School in Essex, England

Saint John Payne Catholic School is a Roman Catholic voluntary aided school in Chelmsford, Essex, England. Established in 1959, the school serves the mid Essex deanery in the Diocese of Brentwood. The school holds strong ties with the Catholic Church, while upholding a prevalent Catholic ethos within school life.

==School history==
Blessed John Payne Roman Catholic School was opened in 1959 in the original building now called the Bosco Building after St John Bosco. Later the school was expanded with the addition of a second building, now called the Merici building.

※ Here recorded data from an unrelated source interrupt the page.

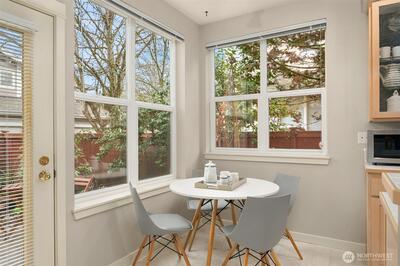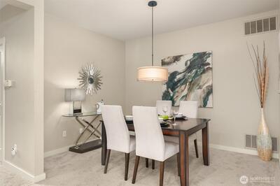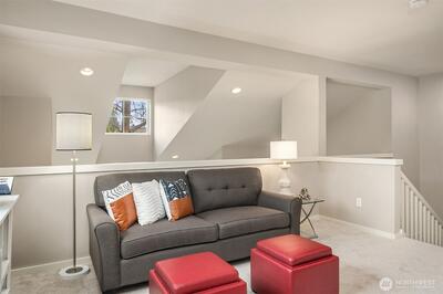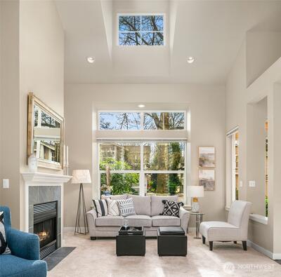 Exceptional end-unit townhome in Redmond’s desirable Rivertrail community, offering 1,725 sq ft of bright, open living. This spacious home features 2 bedrooms, 2.5 baths, and a versatile loft/office, enhanced by vaulted ceilings, skylights, and new flooring throughout. The kitchen opens to a private dining area, while the sun-drenched living room features extra windows and a cozy gas fireplace. The vaulted primary suite includes an ensuite bath with soaking tub, walk-in shower, generous closet space, and skylight. Additional highlights include A/C, newer furnace, laundry room, window coverings, and a rare 2-car garage with ample guest parking. A private, fenced patio backs to a quiet alley, and direct access to the Sammamish River Trail offers unparalleled outdoor enjoyment. Ideally located minutes from shopping, dining, parks, Light Rail, Microsoft, Meta, and top-rated Lake Washington schools.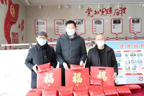 14日赴孫六鎮慰問,為防疫卡點送上疫情防控包、150余份春聯以及新年大禮包。下午,赴人力資源大廈為堅守一線防疫人員發放疫情防控包和100余份春聯。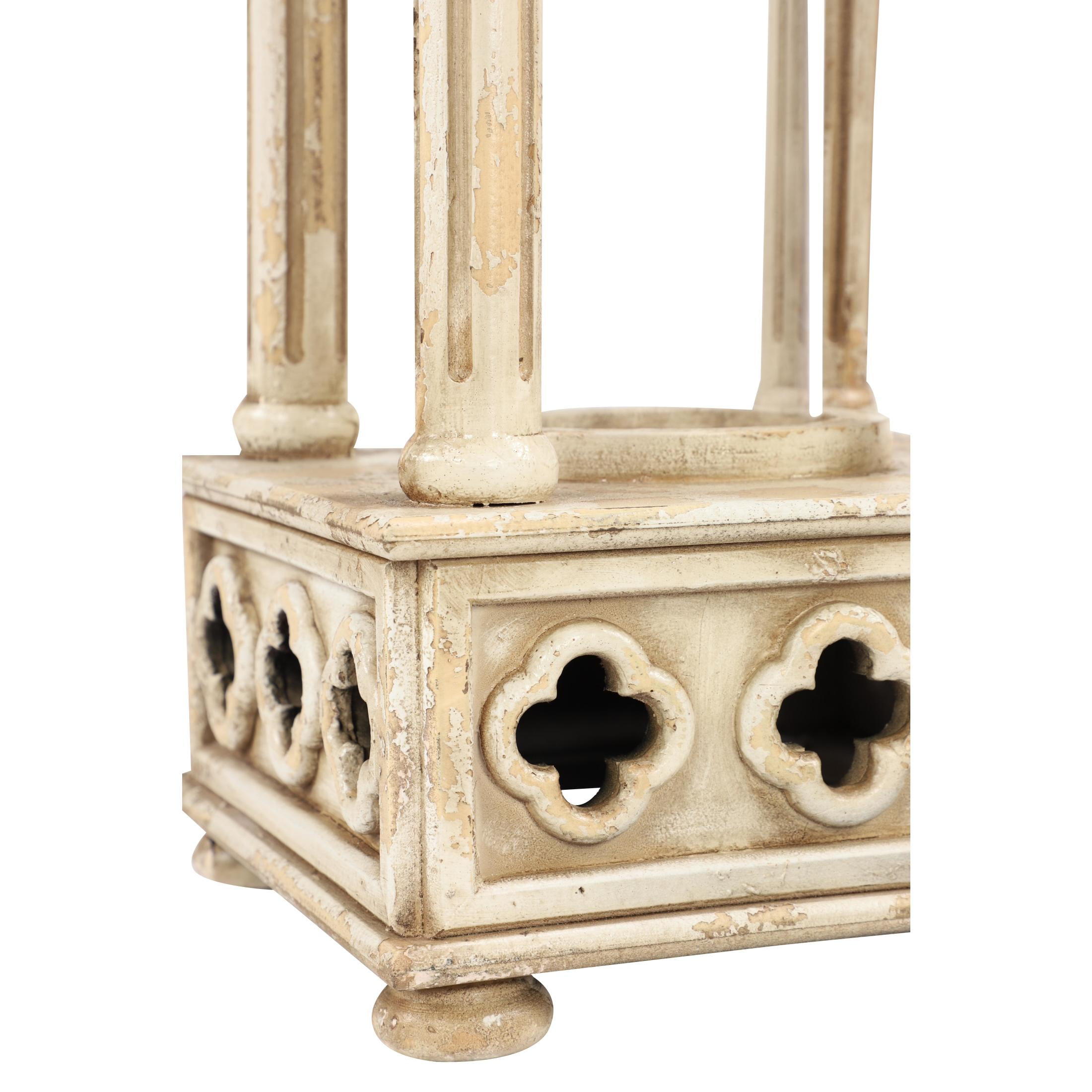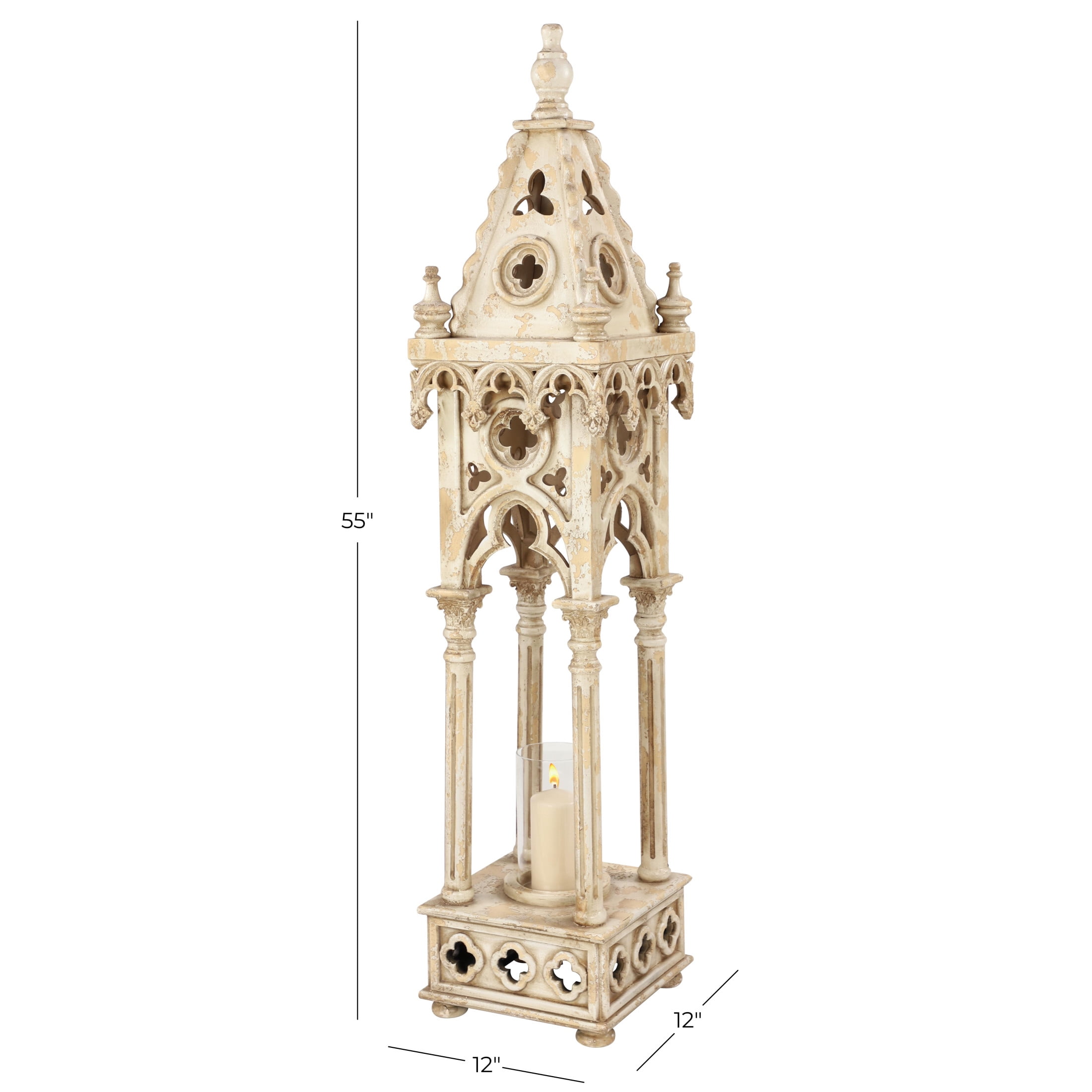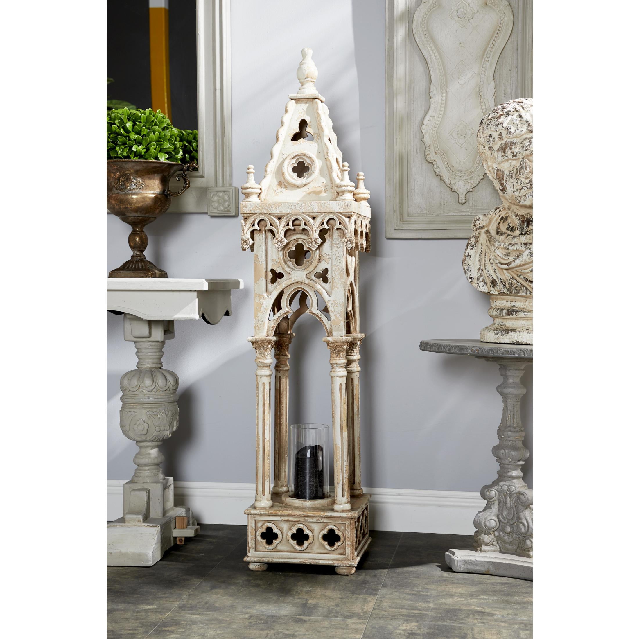 Infuse your home with romantic nostalgia and timeless grace, where ornate and antique details create a sanctuary of charm and warmth in the home The white indoor outdoor candle lantern is crafted from iron, fir wood, MDF, and glass material to ensure durability and elegance This square decorative candle lantern has a distressed white finish with subtle hints of beige and brown for a vintage look This wood candle lantern features intricate cutout designs that mimic cathedral architecture, adding an elegant touch The white wood candle lantern measures 12L x 12W x 55H inches, and weighs 22 lbs The distressed white lantern candle holder decor showcases ornate patterns and four leaf clover-like cutouts on its square frame with pillar details Wipe clean with a dry cloth The vintage candle holder lantern is constructed from meticulously cut and shaped MDF, adorned with a precisely cut-glass candle holder Vintage style DecMode White Wood Standing Decorative Candle Lantern makes a perfect addition to any home

It became known as St John Payne Roman Catholic School after Pope Paul VI canonized John Payne, one of the Forty Martyrs of England and Wales on 25 October 1970. In 1977 the former Chelmsford Technical High School building was acquired by the Roman Catholic Diocese of Brentwood and this is now known as the Aquinas building. In 2018, the school's Sixth Form building was opened, and named after St Anne Line. It was officially opened by Rev. Dr. Alan Williams in October 2018.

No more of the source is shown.